## YOUR OBJECTIVE:
Could you write out, exactly as they stand, only the lines in the listing below from the line with "Uzun kollu, yakalı" to the line with "1113期:精准单双〖双数〗开:43猪错 | |", both ends included, without the pictures?

[MATERIAL SHOWN Boundary: Start]

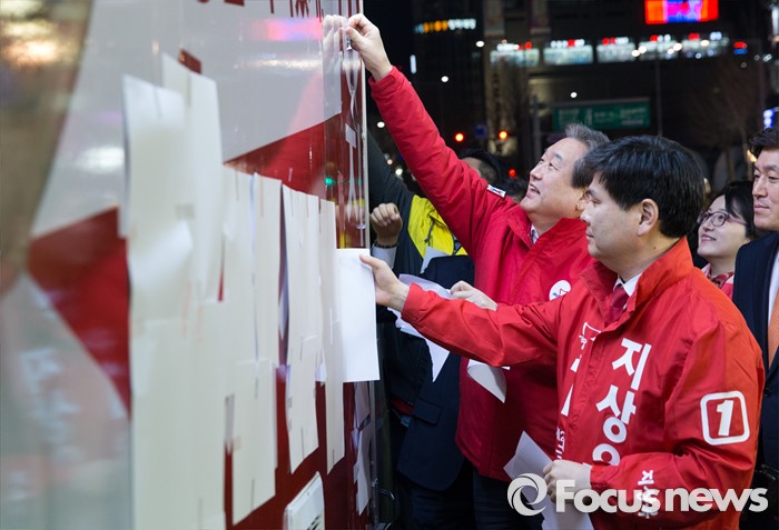 선거유세차량 가림막 제거하는 김무성과 지상욱
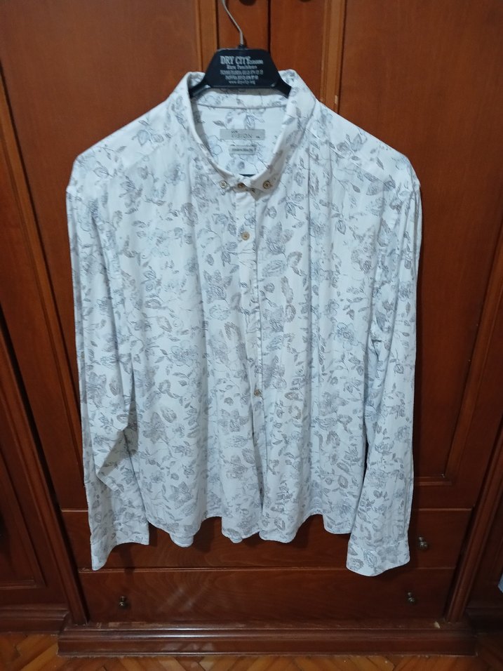 Uzun kollu, yakalı ve düğmeli ön kısmı olan erkek gömleği. Hafif keten kumaştan, bol kesim ve desenlidir. Beyaz zemin üzerine gri baskılar bulunur. 2 kol arası 67 cm,omuzdan boyu 69 cm ve kol 67 cm dir.Beyaz üzerine gri ve bej tonlarında desenler mevcuttur.
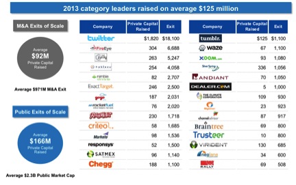 As the chart details, 28 companies reached a $500 million market validation in 2013. The companies that reached the milestone raised, an average (adjusted for outliers like Twitter and Dealer.com) $129 million in private capital. Most of them likely also consumed a few more million in debt. We don’t have data to know how much of the equity raised was primary capital, but the investment requirement pattern is still clear. Admittedly, our $500 million threshold is arbitrary. Shareholder value can be created at a variety of outcomes. However, $500 million represents a reasonable milestone for market recognition of a sustainable company, rather than just an interesting product (cue your Snapchat at $3 Billion comments…).
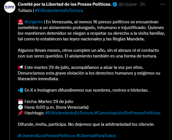 Bajo la etiqueta #ElAislamientoEsTortura, el Comité convocó a un “tuitazo” para hoy a las 6:00 p.m. (hora Venezuela), con el objetivo de visibilizar los casos de los detenidos, sus historias personales y el impacto devastador del aislamiento en su salud física y emocional.
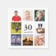 En napkin för en kille i 30års födelsedag party och firade hans liv med en kollage av 8 av dina foton. Mallar för åldern 30 år och datum. Födelsedatum eller datum för party. Svart färgad brev. Vit bakgrund.
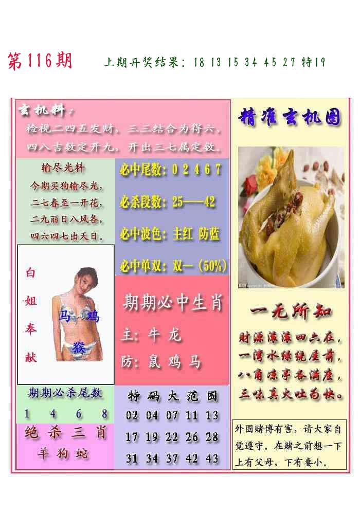 | 1113期:精准单双〖双数〗开:43猪错 | |
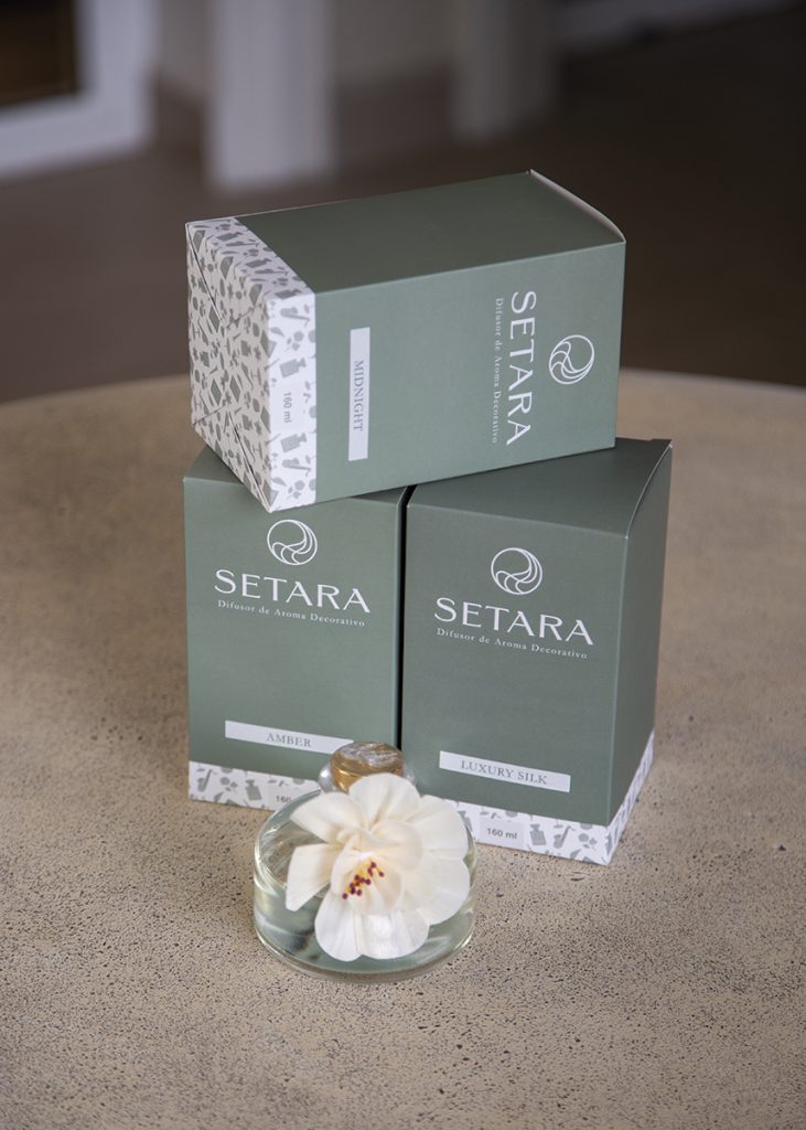 Además de velas, SETARA también tiene su línea de difusores de aromas. Las esencias van desde lavanda y frutas rojas hasta el pomelo y la gardenia, o la bergamota y el sándalo. Los productos de SETARA se pueden conseguir en Kay Cosmetics en Paseo San Francisco, Unity Store en Scala Shopping, y en Guayaquil en Aromas y Recuerdos. Asimismo, a través del canal digital de Ópalo.
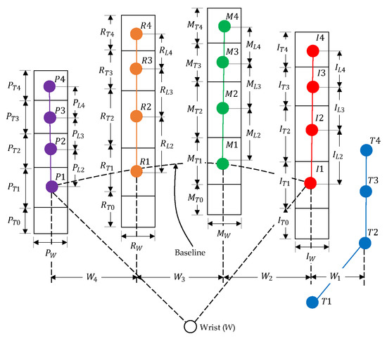 On the other hand, the ranges between neighboring finger joints on the baseline (–) are measured according to the coordinates from the hand motion, and the width of the template cells (, , , and ) can be calculated by the following equations:
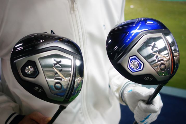 今回試打したゼクシオ テン ドライバーの2つのモデル。レギュラーシャフトの青いヘッド(右)とミヤザキシャフト装着の黒いヘッド(左)
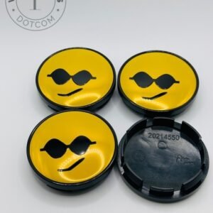 Smiley Face Emoji 60mm Wheel Center Caps – 4pc Happy Face Hubcaps
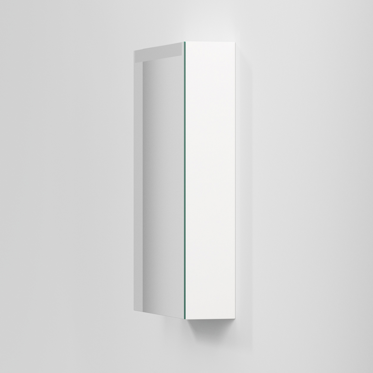 Spegelskåpet kopplas till rummets strömbrytare och belysningen har därför ingen av-/på-knapp. Komlettera med förstoringsspegel som monteras på insidan av skåpet samt underbelysning.
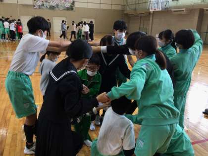 最初の活動は「人間知恵の輪」です。児童と中学生が手を取り合い、複雑に絡み合った輪を解こうと協力し合いました。中学生は「ここをくぐって!」「手を上げて!」と声を掛けながら、優しくアドバイスをしていました。児童も「できた!」とうれしそうな表情を見せていました。
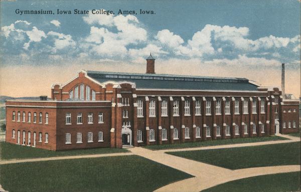 Front: Gymnasium, Iowa State College, Ames, Iowa. 1111 సర Back: A-76586 PUBLISHED BY REYNOLDS & IVERSEN, AMES NEWS STAND, AMES, IOWA. C.T. PHOTOCHROM. 1089 CA
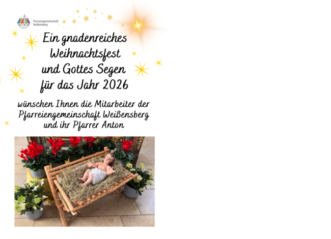 Ein gnadenreiches Weihnachtsfest und Gottes Segen für 2026 wünschen Ihnen die Mitarbeiter der Pfarreiengemeinschaft Weißensberg und Ihr Pfarrer Anton.
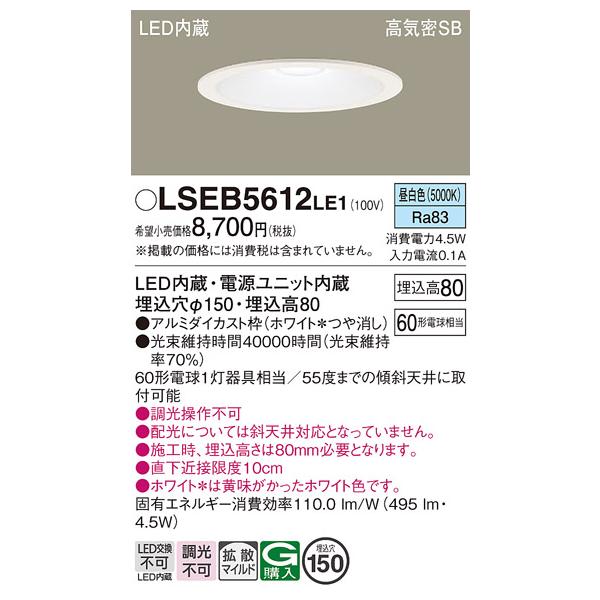 ○[法人限定][即納在庫有り] LSEB5612 LE1 パナソニック 天井埋込型 LED 昼白色 ダウンライト 浅型8H 拡散タイプ φ150【LGD1201N LE1 同等品】[ LSEB5612LE1 ]
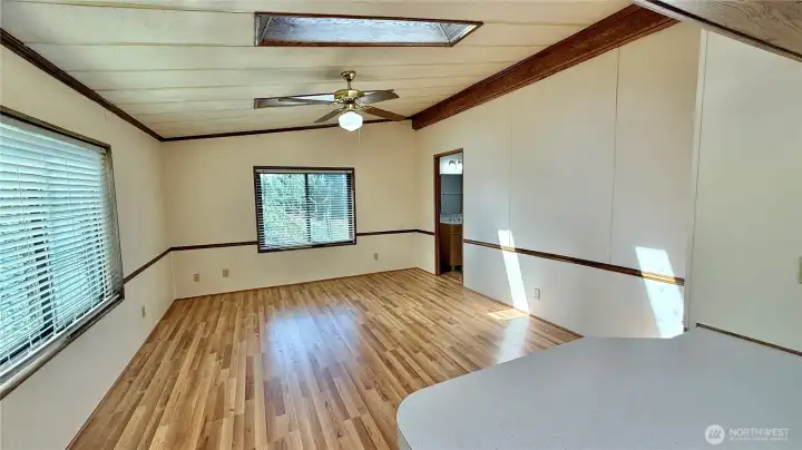 Need space? This one delivers. Spacious 3-bed home with big rooms, vaulted ceilings, and an open floor plan that gives the home an even larger feel. Fresh interior paint, new carpet, LVP and laminate flooring, and LED lighting give it a clean, updated look. The large kitchen offers a breakfast bar, generous counter space, and tons of cabinets. Wood-burning fireplace in the living room adds a cozy touch. The primary bathroom has been fully updated and includes double sinks. All appliances stay. Newer roof, newer furnace, some newer windows, vinyl siding, huge 2-car carport, 3 sheds, ramp entry, and excellent storage complete the package in a quiet 55+ community with appealing space rent.
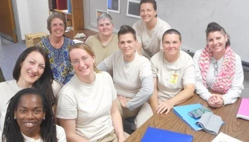 Some of the history project scholars participated in an Inside/Out Prison Exchange class with IU students. Women in khakis are prison residents. Other students are from Indiana University. Top left is Professor Micol Seigel who was a key mentor in the History Project. Women in the photo who were members of the Prison History Project are Lisa Hotchstetler, Lori Record Logan, Natalie Medley, Michelle Williams, Michelle Daniel Jones, and Toni Burns
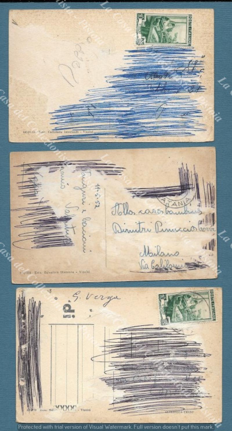 VIZZINI, Catania. 3 cartoline d'epoca anni 1940, ma adoperate in seguito.

[MATERIAL SHOWN Boundary: End]

## RESPONSE:
 Uzun kollu, yakalı ve düğmeli ön kısmı olan erkek gömleği. Hafif keten kumaştan, bol kesim ve desenlidir. Beyaz zemin üzerine gri baskılar bulunur. 2 kol arası 67 cm,omuzdan boyu 69 cm ve kol 67 cm dir.Beyaz üzerine gri ve bej tonlarında desenler mevcuttur.
 As the chart details, 28 companies reached a $500 million market validation in 2013. The companies that reached the milestone raised, an average (adjusted for outliers like Twitter and Dealer.com) $129 million in private capital. Most of them likely also consumed a few more million in debt. We don’t have data to know how much of the equity raised was primary capital, but the investment requirement pattern is still clear. Admittedly, our $500 million threshold is arbitrary. Shareholder value can be created at a variety of outcomes. However, $500 million represents a reasonable milestone for market recognition of a sustainable company, rather than just an interesting product (cue your Snapchat at $3 Billion comments…).
 Bajo la etiqueta #ElAislamientoEsTortura, el Comité convocó a un “tuitazo” para hoy a las 6:00 p.m. (hora Venezuela), con el objetivo de visibilizar los casos de los detenidos, sus historias personales y el impacto devastador del aislamiento en su salud física y emocional.
 En napkin för en kille i 30års födelsedag party och firade hans liv med en kollage av 8 av dina foton. Mallar för åldern 30 år och datum. Födelsedatum eller datum för party. Svart färgad brev. Vit bakgrund.
 | 1113期:精准单双〖双数〗开:43猪错 | |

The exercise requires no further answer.